Like its counterparts around the world, the Moon administration, under pressure from big business, has largely eliminated the initial public health measures put in place to stop the spread of COVID-19, resulting in a staggering rise in infections, hospitalizations and deaths.
On Election Day, the daily total of infections hit 342,446, eclipsing the previous record high by more than 75,000, and the largest figure reported by any country in the world. Deaths are rising as the hospital system is becoming overwhelmed. More than 1,100 people are in intensive care units, including a number of people in their 30s and under. On average, 167 people are dying a week, including a teenager who passed away a day before the election.
Yoon and Lee Jae-myung largely ignored the pandemic during the election campaign. Neither candidate put forward any serious response to the growing health crisis highlighting the huge gulf between the concerns of working people and the political establishment as a whole.
The hostility towards the two main parties was reflected in the comments of voters. Lee So-jeong told the Chosun Ilbo, “We feel that we’re voting for the lesser evil. That’s not what an election is supposed to be. Ideally, you have a lot of options… But these candidates, either one, there will be no real change.”
In an election campaign dominated by mudslinging and scandal-mongering, Yoon latched onto the feminism and the Me-too movement backed by the Democrats to blame the lack of jobs for young men on discrimination. He plans to abolish the Ministry of Gender Equality.
The gender politics of both Yoon and Moon is reactionary as it sows divisions in the working class and diverts attention from the real cause of unemployment—the capitalist system.
Yoon will only deepen the attacks on the working class as he pursues economic policies to boost the profits of big business. In his first press conference last Thursday, the president-elect stressed that his administration will rely on the “free market” and remove restrictions that hamper its operation.

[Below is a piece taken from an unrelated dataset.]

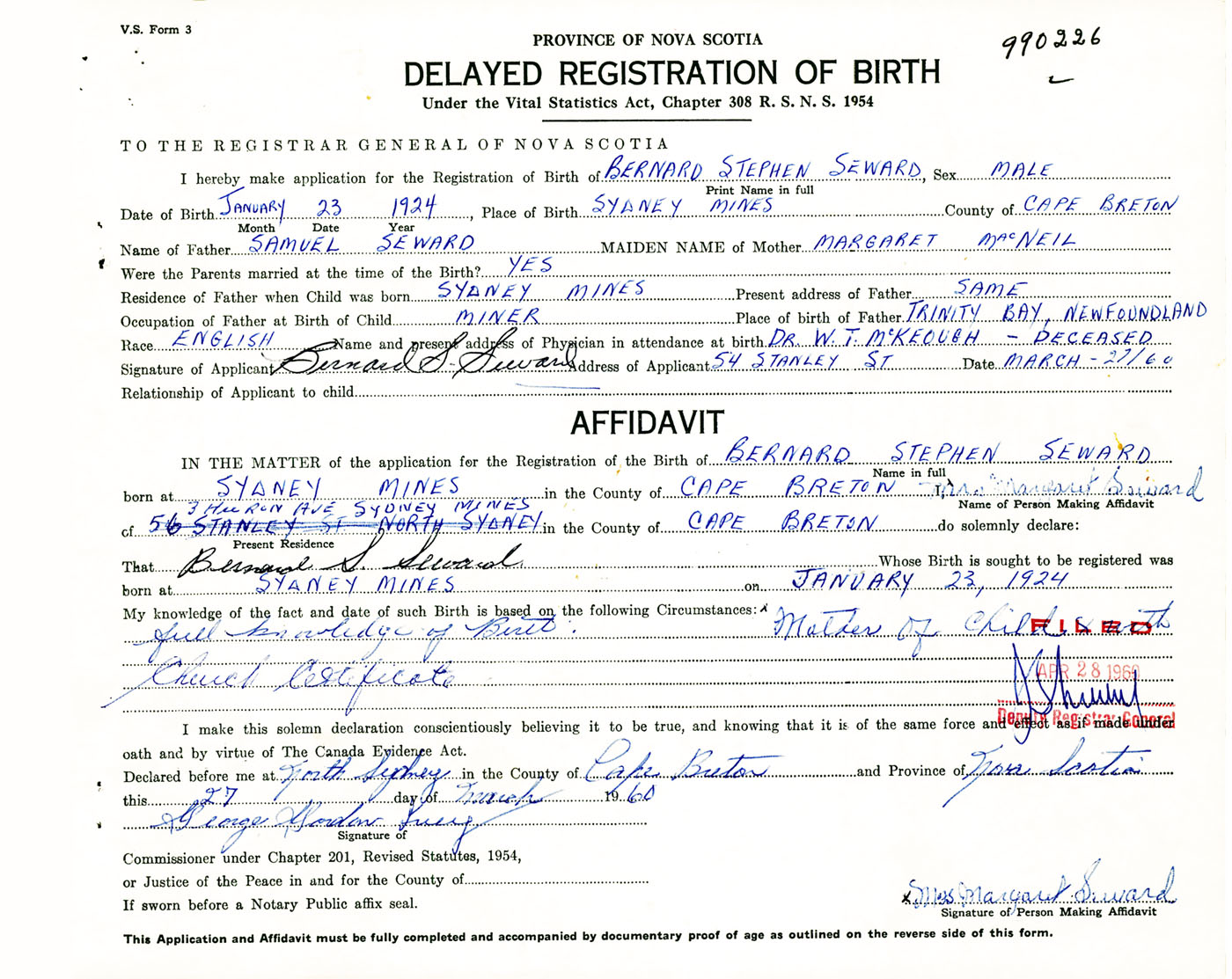 Signature of Applicant Bernard S. Seward Address of Applicant 54 Stanley Street, North Sydney, Cape Breton Co., NS Date 27 March 1960

These will include “more flexibility in working hours,” putting greater burdens on workers to enable manufacturers to operate around the clock. He also pledged tax breaks for small businesses and the easing of regulations on so-called platform companies offering digital online services.
Under the pretext of addressing the housing crisis, Yoon is promising a lowering of property taxes and an easing of regulations on home loans—measures that will be a boon to property developers and real estate agents.

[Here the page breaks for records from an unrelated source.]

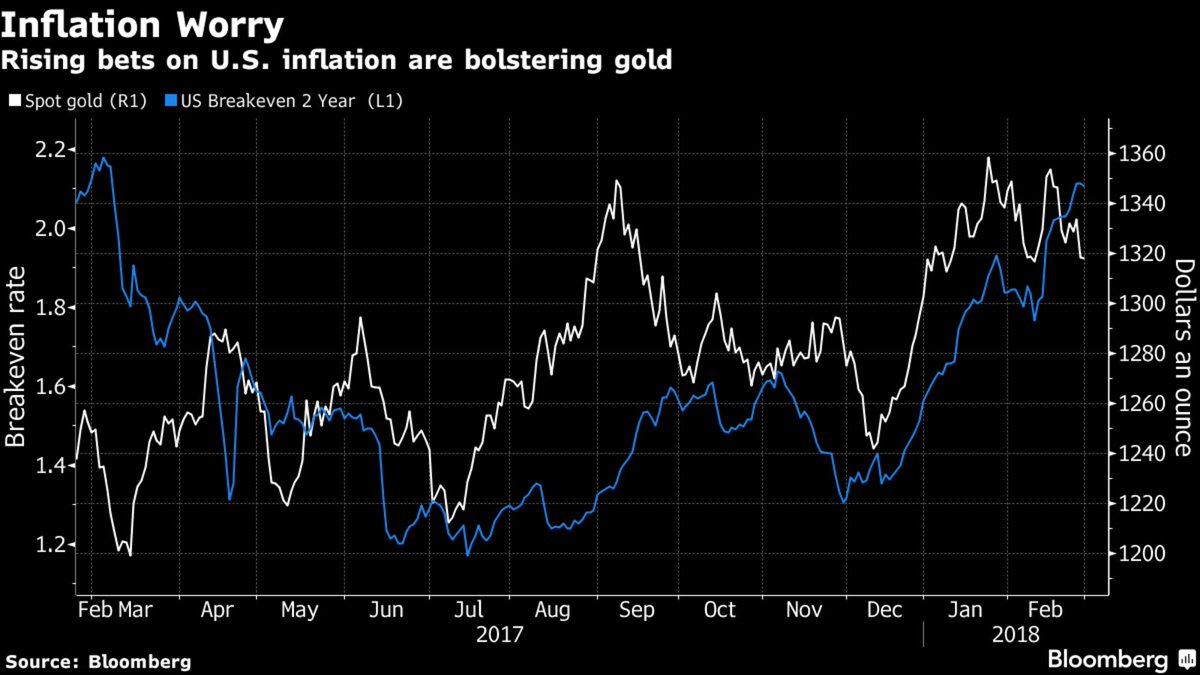 Le lien entre le cours de l’or en dollars et les anticipations d’inflation -les breakeven- existe mais il n’est pas évident à suivre dans le court terme.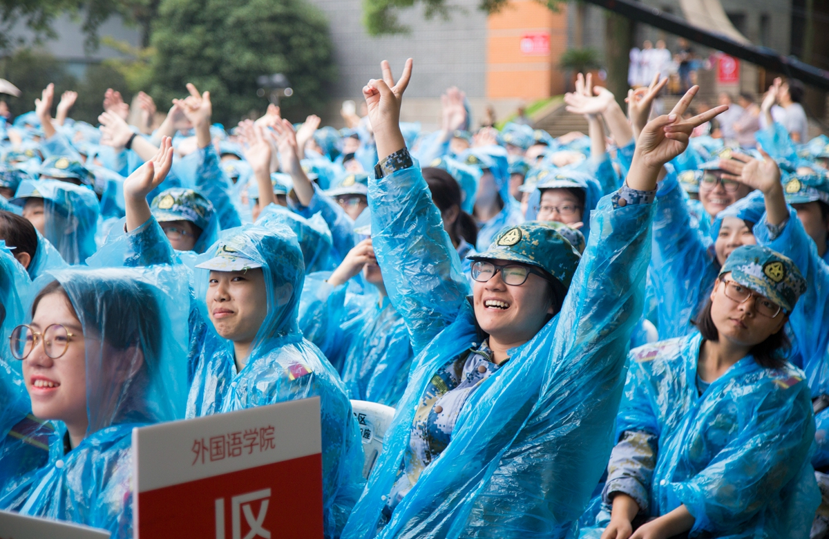 开学典礼正式开幕前,老师和学长学姐们为2017级新生带来了精彩的暖场表演。典礼现场虽下起了秋雨,但难掩师生们的热情和喜悦,欢呼声、掌声在这所百年校园里阵阵回响。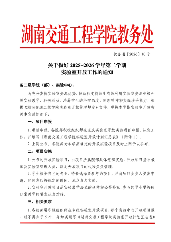 关于做好2025-2026学年第二学期实验室开放工作的通知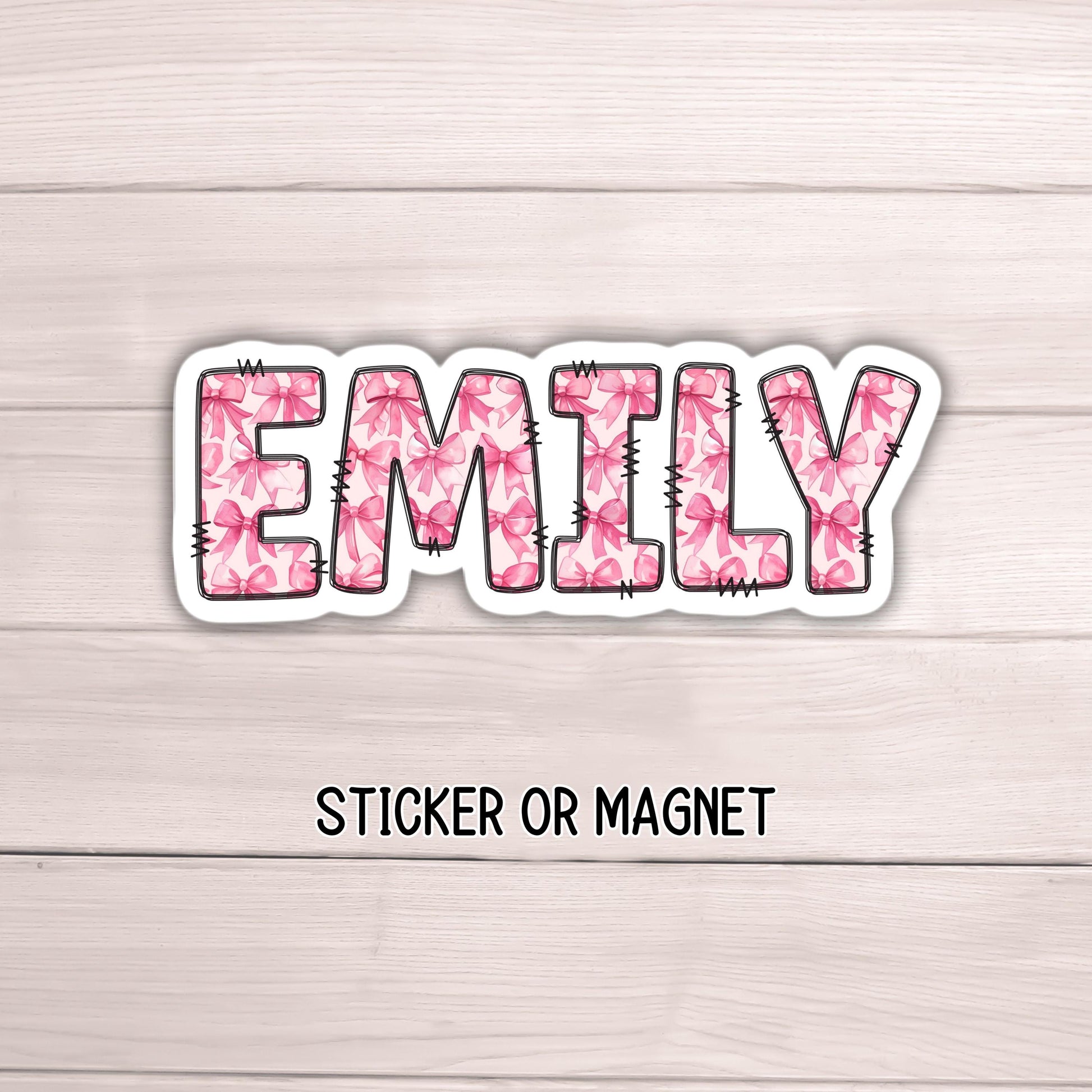 Custom name Bow sticker bow Pink Coquette Ribbon Bow Personalized name sticker Custom Name locker magnet water bottle name gift kids name

Yoon has also foreshadowed attacks on the country’s limited welfare payments, saying, “Without growth, welfare, which is necessary, cannot continue.”
In foreign policy, Yoon has pledged to deepen cooperation with US imperialism, taking a particularly anti-China tone during his campaign. He has promised to work closely with the Quadrilateral Security Dialogue or Quad, a Washington-led quasi-military alliance targeting China that includes the US, Japan, Australia and India.
Yoon’s election will only heighten tensions with North Korea. During a February 25 debate, he exploited the war in Ukraine to call for a bolstering of the South Korean military’s offensive capabilities. “The situation in Ukraine,” he stated, “shows us that national security and peace cannot be maintained with agreements on paper. War can be prevented only by securing a pre-emptive strike capacity.”
Yoon has also pledged to deploy a second US Terminal High Altitude Area Defense (THAAD) battery in South Korea. The first battery’s deployment was concluded under Moon. These anti-ballistic missile systems are an integral component of US preparations for nuclear war. Far from being “defensive,” they are designed to counter retaliation in the event of a US first strike on Russia or China.
The incoming Yoon administration will only exacerbate the danger of war on the Korean Peninsula and the broader Indo-Pacific region as it carries out class war measures to further shift the burden of the country’s economic crisis onto the working class.